Vide Circular No. 736/52/2003-CX dated 11th August 2003, the facility of self-sealing and self-certification has been extended to all categories of manufacturer- exporters subject to compliance with existing procedures. Vide Circular No. 860/18/2007-CX dated 22nd November 2007, it has been prescribed that in case of exports under free Shipping Bills, i.e., Shipping Bills where no export benefits are being sought, the manufacturer- exporter shall mandatorily resort to self-sealing of export containers and the Central Excise Officer shall not entertain any request for stuffing and sealing of export containers, in their presence in such cases.

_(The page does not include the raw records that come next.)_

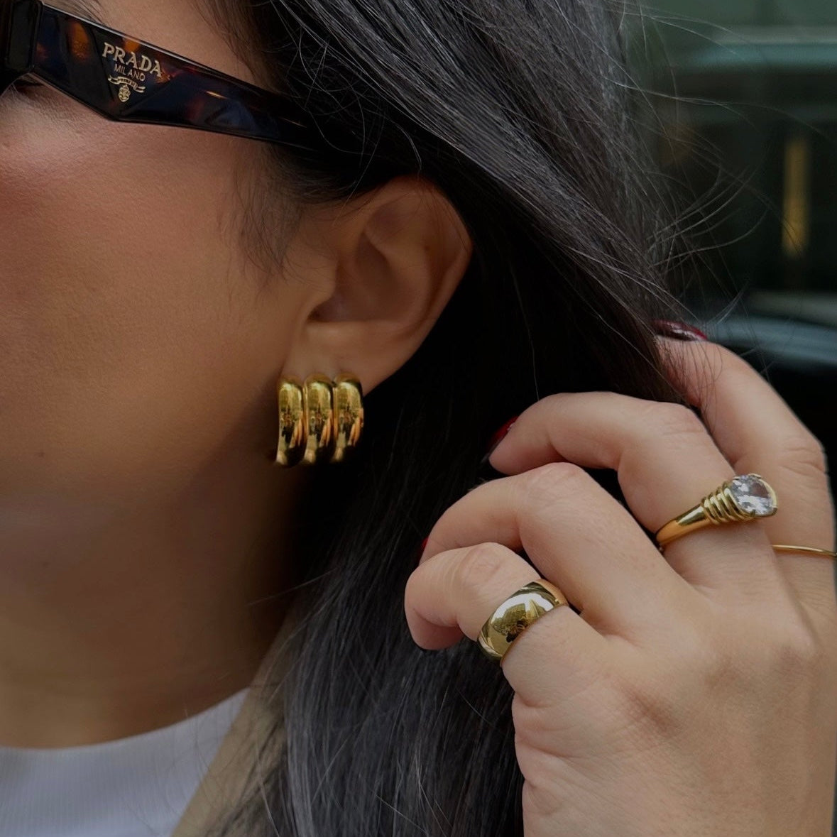 Bold rectangle earrings available in stainless steel and 18k gold plated.
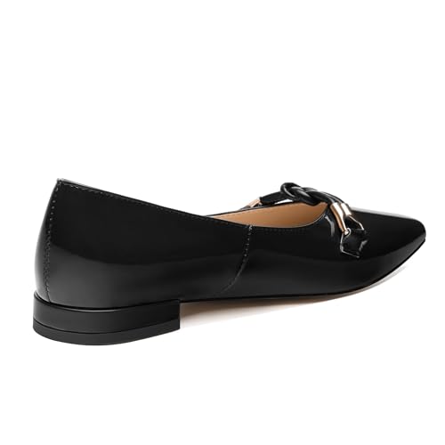 WAYDERNS Heels for Women Pointed Toe Comfortable Low Heel Patent Leather 1 Inch Flats Pumps Office Work Dating Slip on Dress Shoes 5
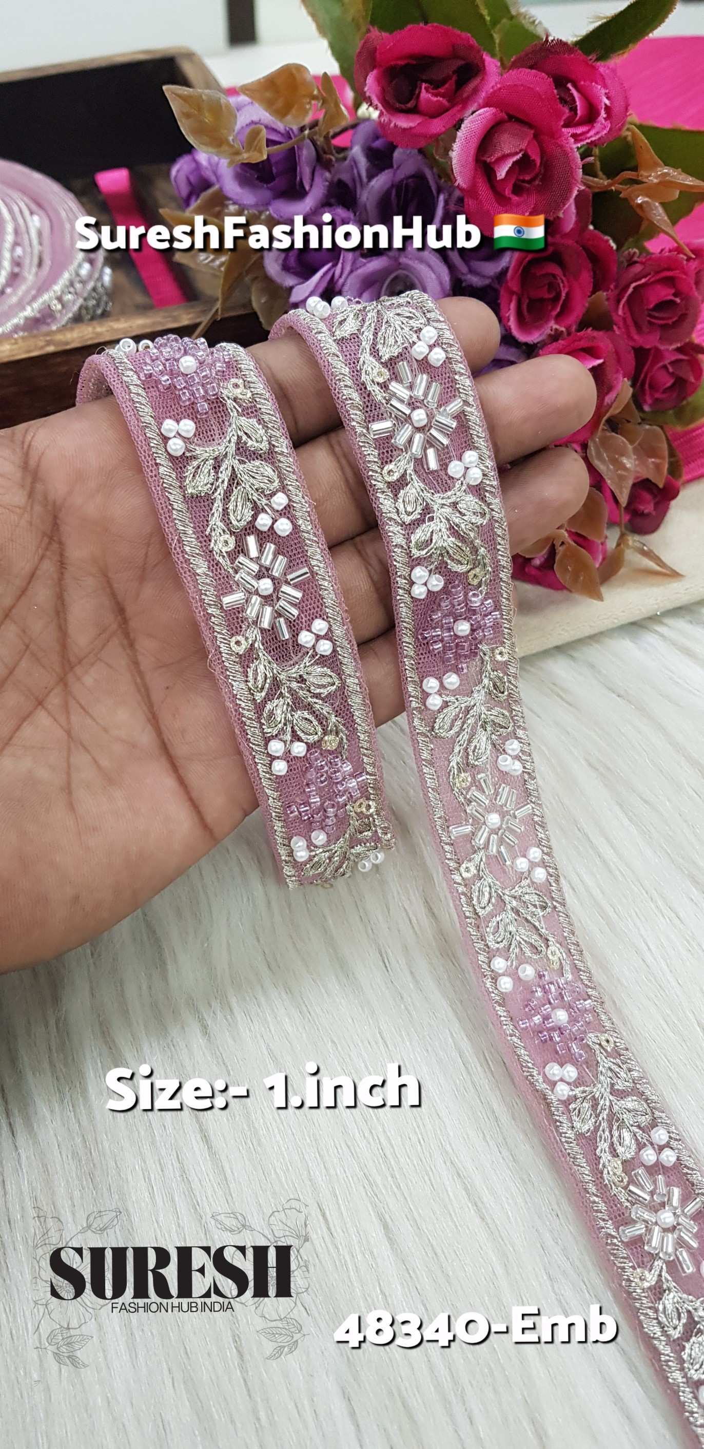 1 inch embroidery lace, tone-to-tone lace border, machine hand embroidery lace, cutdana pearl lace, designer lace trims wholesale, net embroidery lace, 48340-EMB lace, boutique lace suppliers India, premium lace for sarees, SF India lace, Suresh Fashion Hub lace.

In view of above existing instructions, it is reiterated that the facility/ option of examination and sealing of export containers by the Central Excise Officers at the place of dispatch is available to both manufacturer- exporters (except when the export is on free Shipping Bill) and merchant-exporter in respect of the goods exported in terms of Rule 18 or 19 of the Central Excise Rules, 2002. Such examination, stuffing and sealing of export containers by the Central Excise Officers are permitted at the factory or warehouse or any other approved premises.

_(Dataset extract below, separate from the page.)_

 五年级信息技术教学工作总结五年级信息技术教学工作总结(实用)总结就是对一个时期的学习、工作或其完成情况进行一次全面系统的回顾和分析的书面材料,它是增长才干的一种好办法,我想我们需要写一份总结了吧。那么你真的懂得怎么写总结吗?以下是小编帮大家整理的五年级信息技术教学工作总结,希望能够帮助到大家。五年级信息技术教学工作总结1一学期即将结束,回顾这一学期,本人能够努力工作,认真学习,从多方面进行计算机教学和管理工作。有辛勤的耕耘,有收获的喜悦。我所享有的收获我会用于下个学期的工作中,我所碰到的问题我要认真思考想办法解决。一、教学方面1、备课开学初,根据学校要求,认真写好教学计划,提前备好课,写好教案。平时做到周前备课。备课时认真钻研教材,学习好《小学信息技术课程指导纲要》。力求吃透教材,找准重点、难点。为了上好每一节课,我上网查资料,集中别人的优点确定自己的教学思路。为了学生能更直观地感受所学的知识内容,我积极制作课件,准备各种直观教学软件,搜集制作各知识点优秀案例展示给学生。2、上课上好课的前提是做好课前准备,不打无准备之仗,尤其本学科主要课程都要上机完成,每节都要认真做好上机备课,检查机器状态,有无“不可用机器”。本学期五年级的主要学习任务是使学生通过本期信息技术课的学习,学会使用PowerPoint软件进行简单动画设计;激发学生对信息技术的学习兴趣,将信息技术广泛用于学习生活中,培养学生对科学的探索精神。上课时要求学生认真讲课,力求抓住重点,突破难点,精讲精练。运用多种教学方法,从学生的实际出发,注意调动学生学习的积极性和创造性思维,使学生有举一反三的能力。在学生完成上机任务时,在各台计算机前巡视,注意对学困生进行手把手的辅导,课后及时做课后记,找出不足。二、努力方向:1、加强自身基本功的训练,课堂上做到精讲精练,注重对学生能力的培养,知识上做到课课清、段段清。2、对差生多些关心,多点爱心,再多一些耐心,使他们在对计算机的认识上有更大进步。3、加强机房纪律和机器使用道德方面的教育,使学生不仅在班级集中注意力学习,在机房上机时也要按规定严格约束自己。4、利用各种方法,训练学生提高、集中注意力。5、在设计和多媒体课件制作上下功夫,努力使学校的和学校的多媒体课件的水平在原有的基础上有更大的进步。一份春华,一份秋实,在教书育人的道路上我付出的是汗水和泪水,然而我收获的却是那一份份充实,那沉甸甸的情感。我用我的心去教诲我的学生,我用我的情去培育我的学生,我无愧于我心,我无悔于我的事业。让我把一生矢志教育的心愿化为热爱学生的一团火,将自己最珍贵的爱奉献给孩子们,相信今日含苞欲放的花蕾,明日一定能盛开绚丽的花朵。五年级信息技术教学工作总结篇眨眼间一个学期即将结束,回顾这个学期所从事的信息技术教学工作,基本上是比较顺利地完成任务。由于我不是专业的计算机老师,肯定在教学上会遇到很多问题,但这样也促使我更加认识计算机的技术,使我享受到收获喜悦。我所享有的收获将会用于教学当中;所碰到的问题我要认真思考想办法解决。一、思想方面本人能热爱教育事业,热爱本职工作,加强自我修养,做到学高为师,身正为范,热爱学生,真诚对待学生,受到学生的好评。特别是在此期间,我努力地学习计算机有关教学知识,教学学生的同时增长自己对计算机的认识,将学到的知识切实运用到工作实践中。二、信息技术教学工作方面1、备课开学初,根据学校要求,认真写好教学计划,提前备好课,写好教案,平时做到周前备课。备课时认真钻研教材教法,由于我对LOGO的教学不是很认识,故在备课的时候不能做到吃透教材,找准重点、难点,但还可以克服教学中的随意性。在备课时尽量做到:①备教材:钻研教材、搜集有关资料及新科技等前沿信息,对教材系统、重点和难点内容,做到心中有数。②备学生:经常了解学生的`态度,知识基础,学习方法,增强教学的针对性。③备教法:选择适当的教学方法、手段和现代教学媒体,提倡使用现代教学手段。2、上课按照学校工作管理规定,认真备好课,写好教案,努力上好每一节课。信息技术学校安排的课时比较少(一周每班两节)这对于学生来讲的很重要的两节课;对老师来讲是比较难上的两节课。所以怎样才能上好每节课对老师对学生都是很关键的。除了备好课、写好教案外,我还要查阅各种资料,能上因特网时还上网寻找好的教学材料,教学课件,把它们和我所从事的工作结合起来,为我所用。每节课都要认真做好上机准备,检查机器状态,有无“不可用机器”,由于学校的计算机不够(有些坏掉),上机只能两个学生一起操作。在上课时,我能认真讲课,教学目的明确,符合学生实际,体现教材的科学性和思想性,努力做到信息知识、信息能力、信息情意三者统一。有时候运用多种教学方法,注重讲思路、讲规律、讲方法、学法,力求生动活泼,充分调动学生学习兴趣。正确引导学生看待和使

In respect of the both excisable and non excisable goods the exporters are required to obtain one time permission from the concerned custom formation in terms of the Custom Circular No. 60/2001-Cus dated 1st November 2001, and Circular No. 20/2010-Cus dated 22nd July 2010. On the basis of the said permission given by the Commissioner of Customs, the Central Excise officers of the jurisdictional range had been undertaking the work of sealing the export goods on the request made by the exporters.

The examination, stuffing and sealing of export containers at the place of dispatch are required to be done by the jurisdictional Central Excise Superintendent/ Inspector. The application for examination and stuffing of export containers at the place of dispatch has to be made to the jurisdictional Superintendent/ Inspector of Central Excise, 24 hours in advance or such shorter period as may be mutually agreed upon. The facility of online scheduling of factory stuffing by Central Excise Officers has been prescribed by the Board vide Circular No. 934/24/2010-CX dated 25th August 2010, vide which the exporter can seek such scheduling by sending an e-mail to the range officer. It is reiterated that exporter needs to correspond only with the range officer for such stuffing. Keeping in mind these requirements, the Chief Commissioner will ensure that the Commissioner should suitably augment staff strength available with range by making necessary administrative arrangements.

In respect of the services provided by the Central Excise Officers at any premises other than the premises which are not the normal work premises of that officer, i.e. for export from premises other than those registered with the Central Excise officer, MOT charges will be payable at the applicable rates even if the said services are being provided during the normal working hours. In case of the services provided beyond the normal working hours MOT charges as applicable will be payable for all the premises whether registered with the Central Excise or not.